La naissance d’un enfant représente une occasion propice pour recruter les pères les plus récalcitrants et ainsi contribuer à leur faire vivre une expérience positive envers les services publics (Deslauriers, 2010). Opter pour une approche d’intervention qui mise sur les forces, plutôt que sur les déficits, s’avère bien souvent un facteur de réussite avec les pères (Clapton, 2013). Pour faire contrepoids au gatekeeping des professionnels qui désigne la mère comme le parent principal, valoriser les compétences et les connaissances acquises contribue à créer chez les pères le sentiment d’être un interlocuteur de choix en ce qui concerne la vie de l’enfant (Deslauriers, 2010). Cela permet d’éviter qu’il soit relégué dans un rôle de soutien (Wong et al., 2013).
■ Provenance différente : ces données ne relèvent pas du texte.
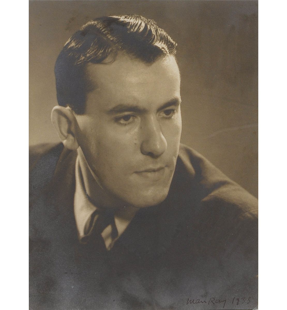 Influential American-born artist (1890–1976) who carved out an important niche in the history of modern art with his pioneering Dadaist works and his distinctive photographs and solarized photographic images dubbed ‘rayographs.’ Vintage matte-finish 6.75 x 8.75 portrait by Man Ray of the surrealist poet Rene Char, signed in the lower right in black ink, “Man Ray 1933.” Stamp from the Man Ray’s famous Montparnasse studio to the reverse reads: “Man Ray, 31 Bis, Rue Campagne-Premiere, Paris—14e.” Silvering to dark areas of the image, a tack hole to the top border, and some light contrast to the signature, otherwise fine condition. Man Ray took this portrait quite early in Char’s career, shortly before he published his first major collection of verse, entitled Le marteau sans maitre. A lovely, unusually traditional photograph from one of the most recognizable artists of the 20th century.

Pour relever le défi du recrutement, les professionnels de la santé et des services sociaux ont également leur rôle à jouer en adaptant leurs pratiques. Pour ce faire, diverses stratégies peuvent être mises en place pour améliorer le recrutement et la rétention des hommes ainsi que pour offrir des services plus susceptibles de susciter leur intérêt : développer à l’intérieur des organisations des politiques centrées sur les pères (Stahlschmidt et al., 2013); s’adresser directement aux pères (Bayley, Wallace et

Choudhry, 2009; Deslauriers, 2010; Turcotte, 2014); proposer des moments et des lieux de rencontre flexibles (Bayley et al., 2009; Deslauriers, 2010); les rejoindre directement dans leurs milieux de travail (Bizot, Moisan et Viens, 2013); encourager le recrutement par le bouche-à-oreille (Stahlschmidt et al., 2013); publiciser davantage les services et porter une attention particulière au format des activités afin de susciter leur intérêt (Bayley et al., 2009, Stahlschmidt et al., 2013); privilégier l’intervention de groupe (Bizot, 2007; Dulac, 1999) ou encore les activités où les pères peuvent côtoyer leurs enfants (Bayley et al., 2009). Sans être exhaustifs, ces moyens reflètent diverses avenues prometteuses pour adapter les pratiques d’intervention afin de mieux intégrer les pères dans les services existants en fonction de la socialisation masculine.